TASK OBJECTIVE — Could you output the listing that follows exactly, without its images?

===== INPUT FOR THIS TASK =====

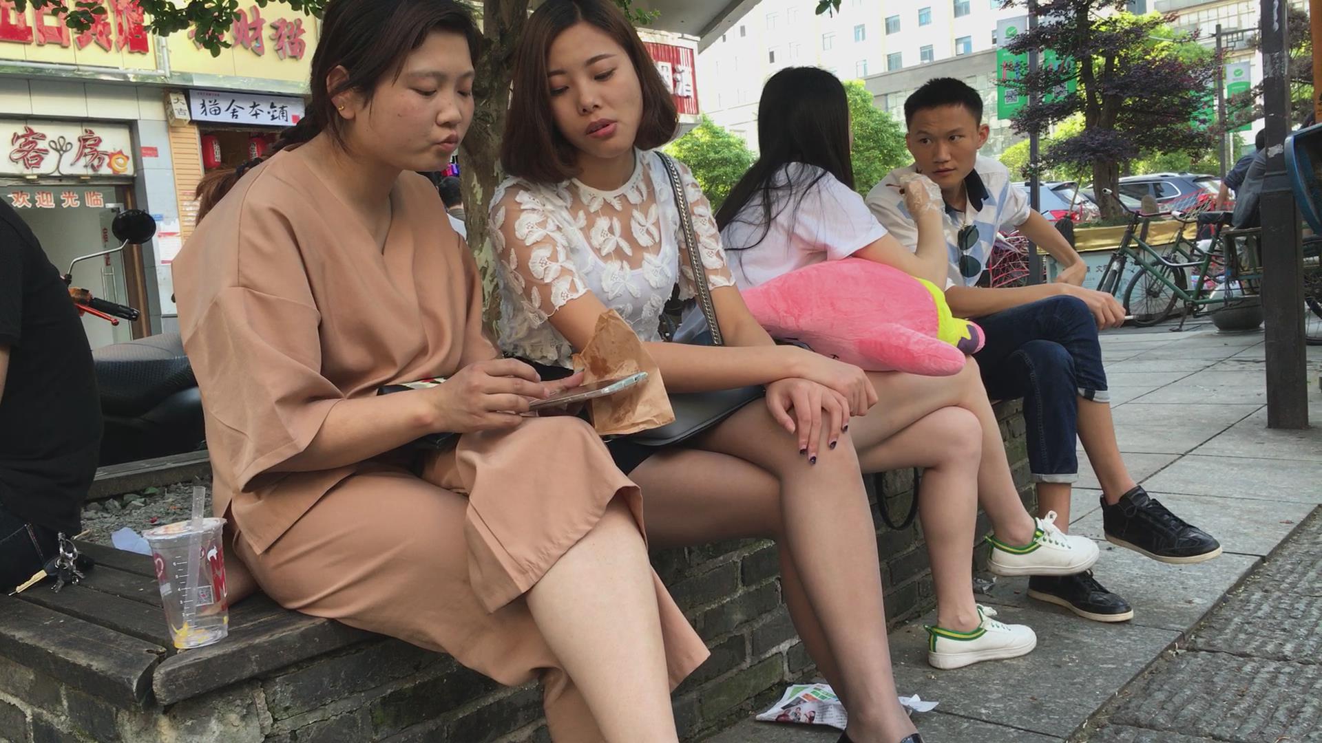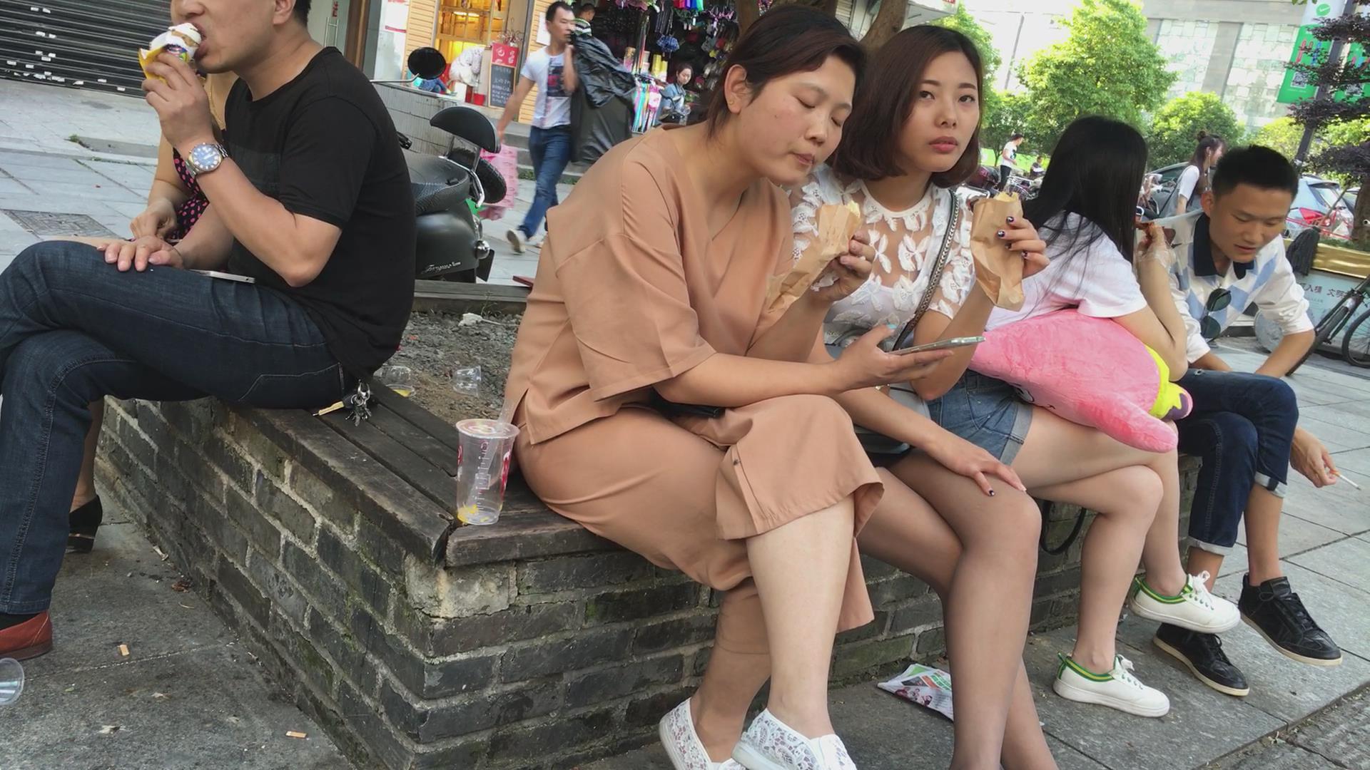 广场边花坛坐着跟闺蜜吃东西聊天的妹子 编号5172
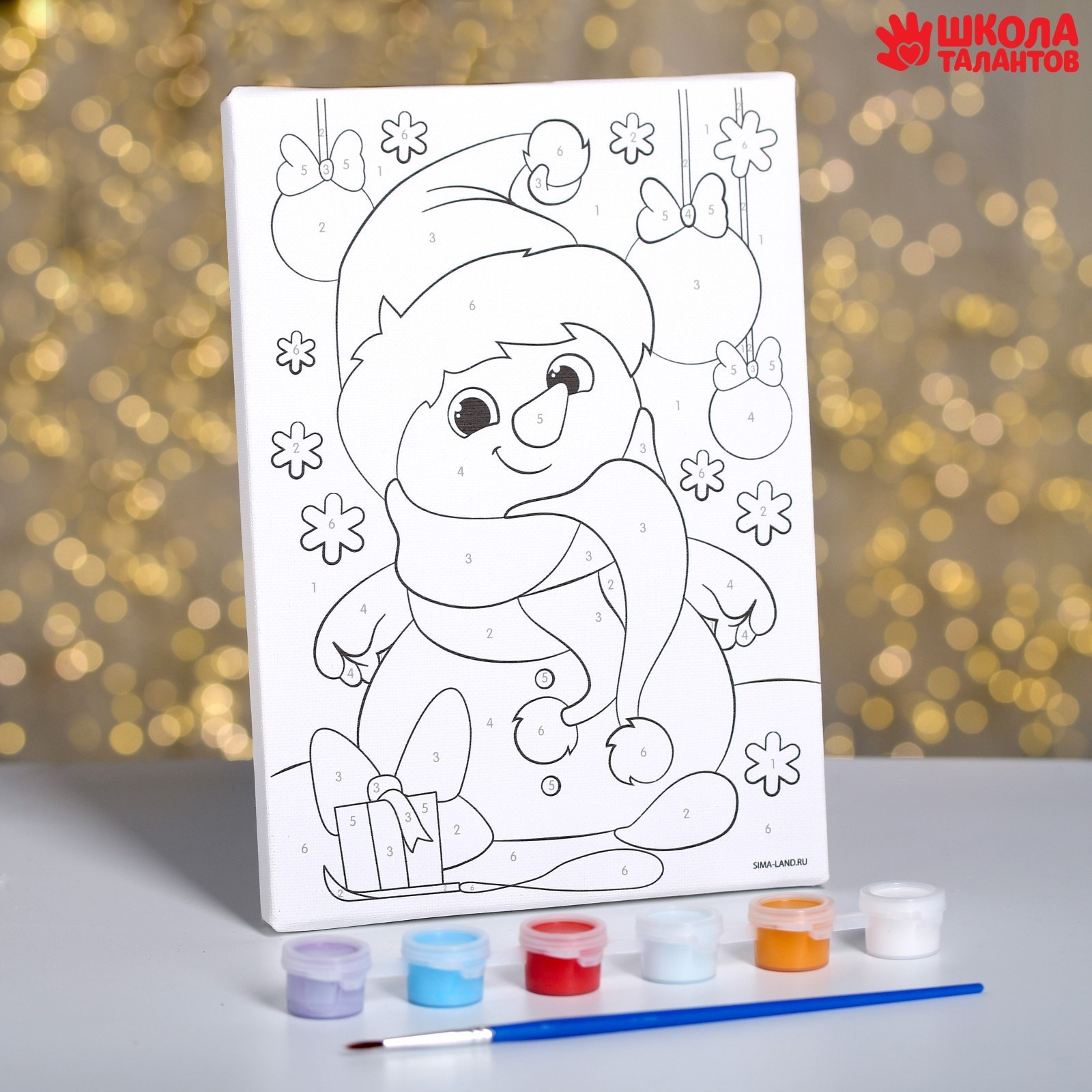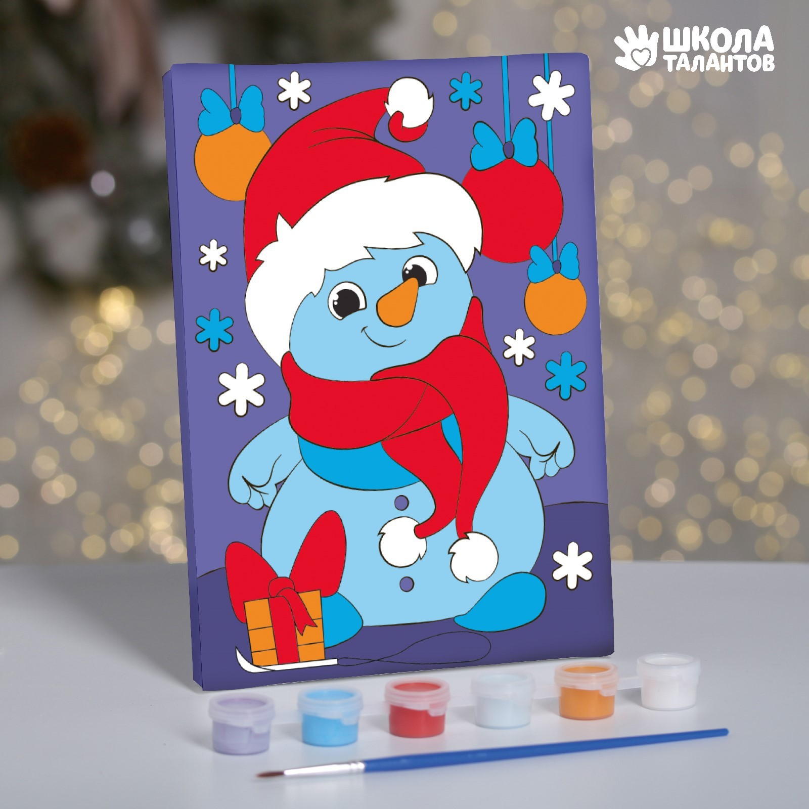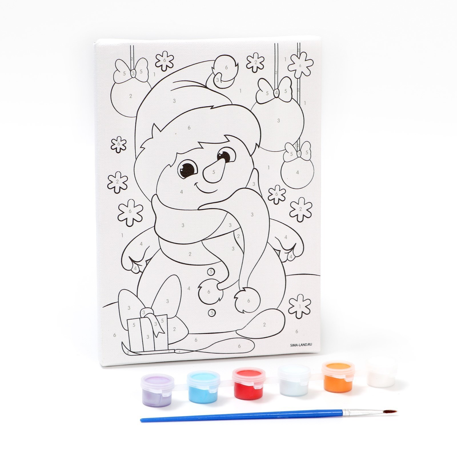 Картина по номерам на холсте с подрамником на новый год «снеговичок с подарком», 15 х 21 см. Создаём картину с новогодним сюжетом своими руками!Подарите маленькому художнику картину по номерам, и он сразу почувствует приближение самого волшебного праздника! Рисунок представляет собой знакомую ребёнку раскраску. В каждом секторе рисунка есть цифра, которая обозначает цвет краски. Можете пользоваться подсказкой для раскрашивания, а можете вместе фантазировать и смешивать краски! Новогодняя картина по номерам украсит детскую комнату или станет оригинальным подарком близкому человеку. Для кого:Унисекс|Размер, см:21 х 15|Возраст:От 3 лет|Тематика:Новогодняя|Символ года:Нет|Тематика праздника:Новый год|Ориентация изображения:Вертикально|Вид:Холст под роспись|Темпер. ограничение НЕ НИЖЕ :-30|Уровень сложности:Лёгкий|Комплектация набора:С кисточками|Комплектация набора:С красками|Страна:Россия  развернуть описание ▼
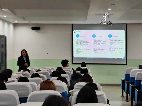 湖北三安光电股份有限公司是国家发改委批准的“国家技术产业化示范工程”企业,产品性能指标居国际领先水平。本次宣讲会以“‘芯’生代,‘耀’未来”为宣讲主题,公司人力资源经理通过短视频、PPT等方式向大家介绍了公司的发展现状、薪酬福利、晋升方式和岗位要求等,并对同学们提出的问题进行解答,对学生应聘岗位的选择进行了指导。会后,同学们积极投递简历,认真对待招聘环节初试和复试的层层筛选。
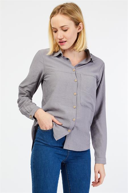 Tahta Düğmeli Çift Cep Detaylı Gri Gömlek
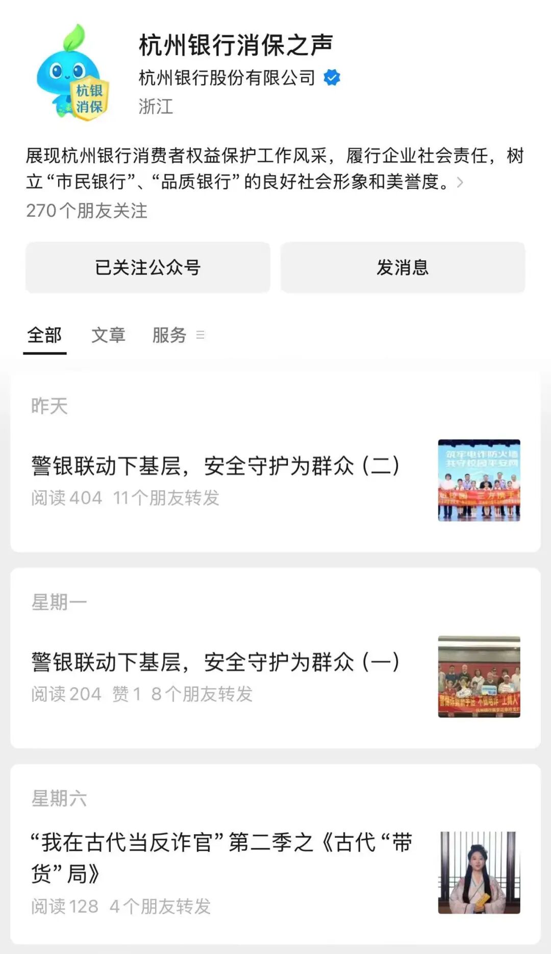 通过杭州银行官网、微信公众号“杭州银行微讯”“杭州银行消保之声”、手机银行APP及视频号等线上渠道集中造势,推出“反诈警钟长鸣”“消保讲堂”“做金融明白人”短视频展播等栏目和活动报道,吸引公众关注,扩大线上金融宣教的覆盖面。同时,充分发挥媒体的传播力量,联动开展宣传与活动报道。相关活动先后被央视新闻、央视频、新华网、中国日报等主流媒体报道,进一步提升了社会影响力。
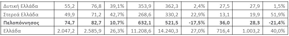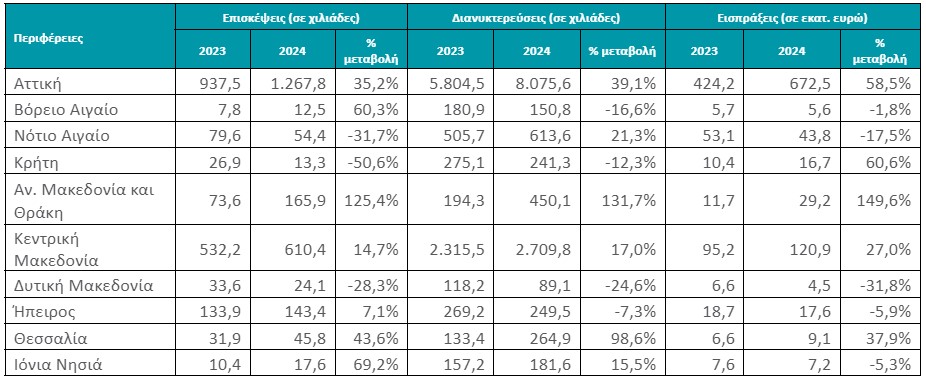 Η μεγαλύτερη ποσοστιαία αύξηση των διανυκτερεύσεων καταγράφηκε στην Ανατολική Μακεδονία και Θράκη (131,7%) και ακολουθούν η Θεσσαλία (98,6%) και η Αττική (39,1%). Σε απόλυτους αριθμούς η μεγαλύτερη αύξηση διανυκτερεύσεων καταγράφηκε στην Αττική (2.271.100 περισσότερες από πέρυσι) και ακολουθούν η Κεντρική Μακεδονία (394.300 περισσότερες από πέρυσι) και η Ανατολική Μακεδονία και Θράκη (255.800 περισσότερες από πέρυσι).
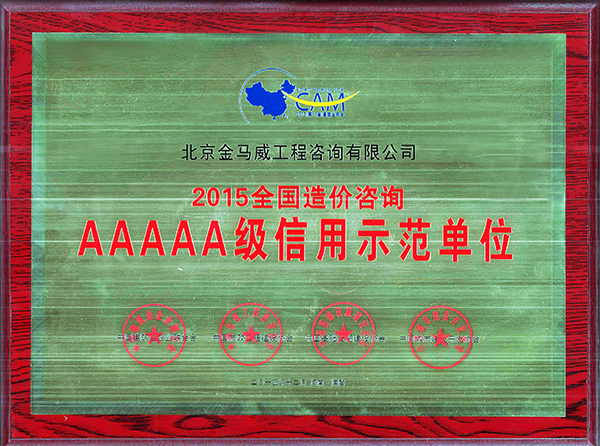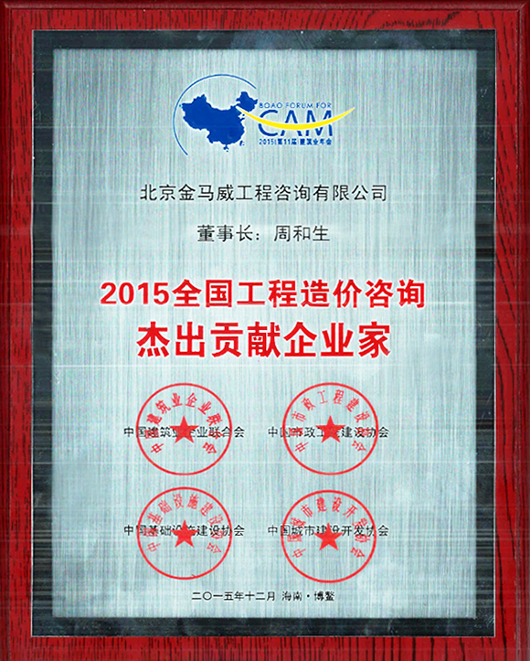 2015年12月25日,由中國(guó)建筑業(yè)企業(yè)聯(lián)合會(huì)發(fā)起,聯(lián)合中國(guó)基礎(chǔ)設(shè)施建設(shè)協(xié)會(huì)、中國(guó)市政工程建設(shè)協(xié)會(huì)等單位聯(lián)合主辦的“博鰲論壇·2015(筑業(yè)年會(huì)”在海南博鰲順利召開, 年會(huì)現(xiàn)場(chǎng)同時(shí)發(fā)布了2015年度優(yōu)秀企業(yè)和優(yōu)秀人物等以及2015中國(guó)建筑業(yè)優(yōu)秀企業(yè)和人物的頒獎(jiǎng)榜單,金馬威榮獲“2015全國(guó)造價(jià)咨詢AAAAA級(jí)信用示范單位”,周和生董事長(zhǎng)榮獲“2015全國(guó)工程造價(jià)咨詢杰出貢獻(xiàn)企業(yè)家”榮譽(yù)稱號(hào)。

=====

REPLY TO THE EXERCISE —
 广场边花坛坐着跟闺蜜吃东西聊天的妹子 编号5172
 Картина по номерам на холсте с подрамником на новый год «снеговичок с подарком», 15 х 21 см. Создаём картину с новогодним сюжетом своими руками!Подарите маленькому художнику картину по номерам, и он сразу почувствует приближение самого волшебного праздника! Рисунок представляет собой знакомую ребёнку раскраску. В каждом секторе рисунка есть цифра, которая обозначает цвет краски. Можете пользоваться подсказкой для раскрашивания, а можете вместе фантазировать и смешивать краски! Новогодняя картина по номерам украсит детскую комнату или станет оригинальным подарком близкому человеку. Для кого:Унисекс|Размер, см:21 х 15|Возраст:От 3 лет|Тематика:Новогодняя|Символ года:Нет|Тематика праздника:Новый год|Ориентация изображения:Вертикально|Вид:Холст под роспись|Темпер. ограничение НЕ НИЖЕ :-30|Уровень сложности:Лёгкий|Комплектация набора:С кисточками|Комплектация набора:С красками|Страна:Россия  развернуть описание ▼
 湖北三安光电股份有限公司是国家发改委批准的“国家技术产业化示范工程”企业,产品性能指标居国际领先水平。本次宣讲会以“‘芯’生代,‘耀’未来”为宣讲主题,公司人力资源经理通过短视频、PPT等方式向大家介绍了公司的发展现状、薪酬福利、晋升方式和岗位要求等,并对同学们提出的问题进行解答,对学生应聘岗位的选择进行了指导。会后,同学们积极投递简历,认真对待招聘环节初试和复试的层层筛选。
 Tahta Düğmeli Çift Cep Detaylı Gri Gömlek
 通过杭州银行官网、微信公众号“杭州银行微讯”“杭州银行消保之声”、手机银行APP及视频号等线上渠道集中造势,推出“反诈警钟长鸣”“消保讲堂”“做金融明白人”短视频展播等栏目和活动报道,吸引公众关注,扩大线上金融宣教的覆盖面。同时,充分发挥媒体的传播力量,联动开展宣传与活动报道。相关活动先后被央视新闻、央视频、新华网、中国日报等主流媒体报道,进一步提升了社会影响力。
 Η μεγαλύτερη ποσοστιαία αύξηση των διανυκτερεύσεων καταγράφηκε στην Ανατολική Μακεδονία και Θράκη (131,7%) και ακολουθούν η Θεσσαλία (98,6%) και η Αττική (39,1%). Σε απόλυτους αριθμούς η μεγαλύτερη αύξηση διανυκτερεύσεων καταγράφηκε στην Αττική (2.271.100 περισσότερες από πέρυσι) και ακολουθούν η Κεντρική Μακεδονία (394.300 περισσότερες από πέρυσι) και η Ανατολική Μακεδονία και Θράκη (255.800 περισσότερες από πέρυσι).
 2015年12月25日,由中國(guó)建筑業(yè)企業(yè)聯(lián)合會(huì)發(fā)起,聯(lián)合中國(guó)基礎(chǔ)設(shè)施建設(shè)協(xié)會(huì)、中國(guó)市政工程建設(shè)協(xié)會(huì)等單位聯(lián)合主辦的“博鰲論壇·2015(筑業(yè)年會(huì)”在海南博鰲順利召開, 年會(huì)現(xiàn)場(chǎng)同時(shí)發(fā)布了2015年度優(yōu)秀企業(yè)和優(yōu)秀人物等以及2015中國(guó)建筑業(yè)優(yōu)秀企業(yè)和人物的頒獎(jiǎng)榜單,金馬威榮獲“2015全國(guó)造價(jià)咨詢AAAAA級(jí)信用示范單位”,周和生董事長(zhǎng)榮獲“2015全國(guó)工程造價(jià)咨詢杰出貢獻(xiàn)企業(yè)家”榮譽(yù)稱號(hào)。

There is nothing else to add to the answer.